Kurzinterview Luka

Foto: Markus Piribauer
Foto: Markus Piribauer

Wo kommst du genau her, und wo trainierst/lebst du jetzt?

Ich komme aus Wiener Neustadt, einer kleineren Stadt in der Nähe von Wien. Seit mittlerweile sieben Jahren lebe ich in Wien und trainiere an unserem nationalen Stützpunkt.

 

Wie schätzt du deine Chancen für die Qualifikation ein?

Ich habe einen super Start erwischt und habe grundsätzlich gegenüber allen Herausforderungen eine sehr positive Einstellung.

 

Wie teuer wird das Jahr vermutlich werden und wie finanzierst du die Turniere?

Ich rechne zwischen 25000 und 30000€. Den Großteil dieser Summe decke ich mit privaten Sponsoren. Vor allem Wolfgang Noitz mit seiner Firma Aktiv Ladenbau hat mir seit ich aus der Jugend rausgekommen bin, ermöglicht Badminton professionell zu betreiben.

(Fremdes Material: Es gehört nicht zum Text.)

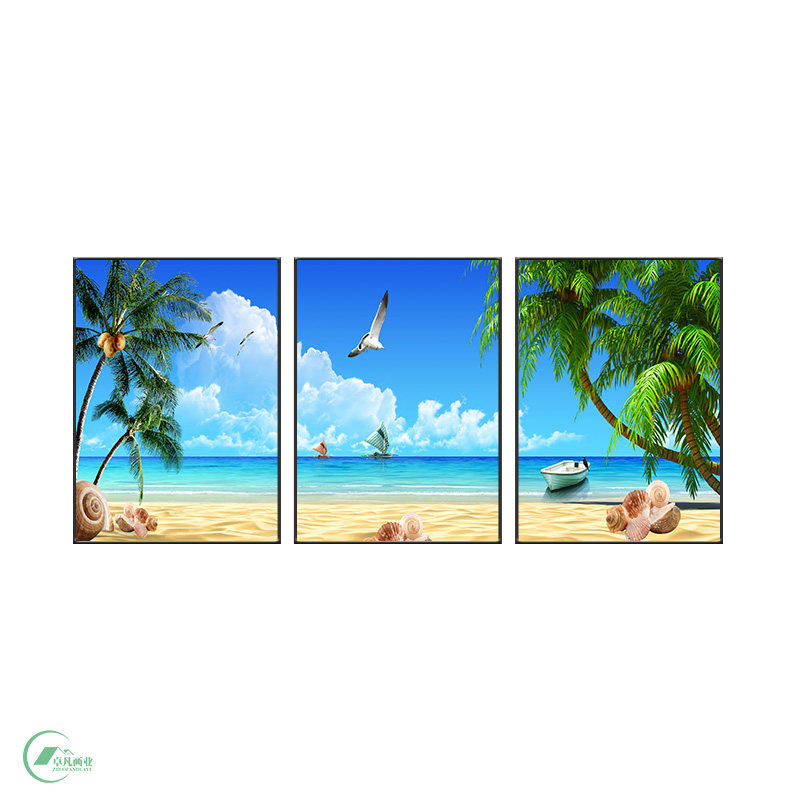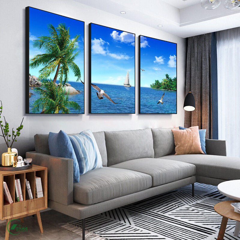 海景客厅装饰画现代简约壁画沙发背景简欧挂画风景墙面大气三联画

Darüber hinaus habe ich im Zuge meiner Leihspielerverpflichtung für AS Logistik Mödling mit Allan Sudarma einen weiteren wertvollen Unterstützer gewonnen.

 

Wie viel Wochen des Jahres bist du ca. unterwegs, bzw. wie viel Zeit bleibt dir noch zuhause?

Das Qualifjahr ist wirklich intensiv, ich war seit Anfang Mai 14 Wochen unterwegs, wobei hier auch Trainingslager dabei waren. Zu Hause bin ich daher kaum noch, daher schätze ich die Zeit mit meiner Familie und Freunden sehr und versuche dann so viel Kraft wie möglich zu tanken.

 

Wie schlimm wäre es, wenn die Quali nicht klappen würde?

Ich habe seit Mai 2014 meinen ganzen Alltag diesem Unterfangen, sowie der Qualifikation für die ersten European Games, untergeordnet. Ich bin megaglücklich, dass ich in Baku (bei den European Games, Anm. d. Red) dabei sein durfte und ich weiß, dass ich jeden Tag alles aus mir heraushole. Das ist mir das Wichtigste und wenn es dann nicht klappt, werde ich demjenigen gratulieren, der es aus Österreich geschafft hat.

 

Wie verstehst du dich mit deinen beiden Konkurrenten und hat sich, seit es auf Olympia zugeht etwas zwischen euch verändert?

Wir trainieren viel miteinander und kommen meiner Meinung nach alle gut zurecht mit der Situation. Natürlich gibt es hin und wieder etwas „intensivere“ Momente, aber das ist im Spitzensport ganz normal denke ich.

 

Kann man die ganzen Reisen trotz Turnierstress auch ein bisschen genießen?

An erster Stelle steht natürlich immer die Vorbereitung für das jeweilige Turnier, bzw. wenn es vorbei ist die Vorbereitung aufs Nächste. Wenn wir dann an einer coolen Location spielen, nütze ich das trotzdem immer aus und laufe dann zum Beispiel statt auf einem Laufband am Flic en Flac Strand in Mauritius und schwimme danach eine Runde im Meer. Also es gibt definitiv auch Genussmomente!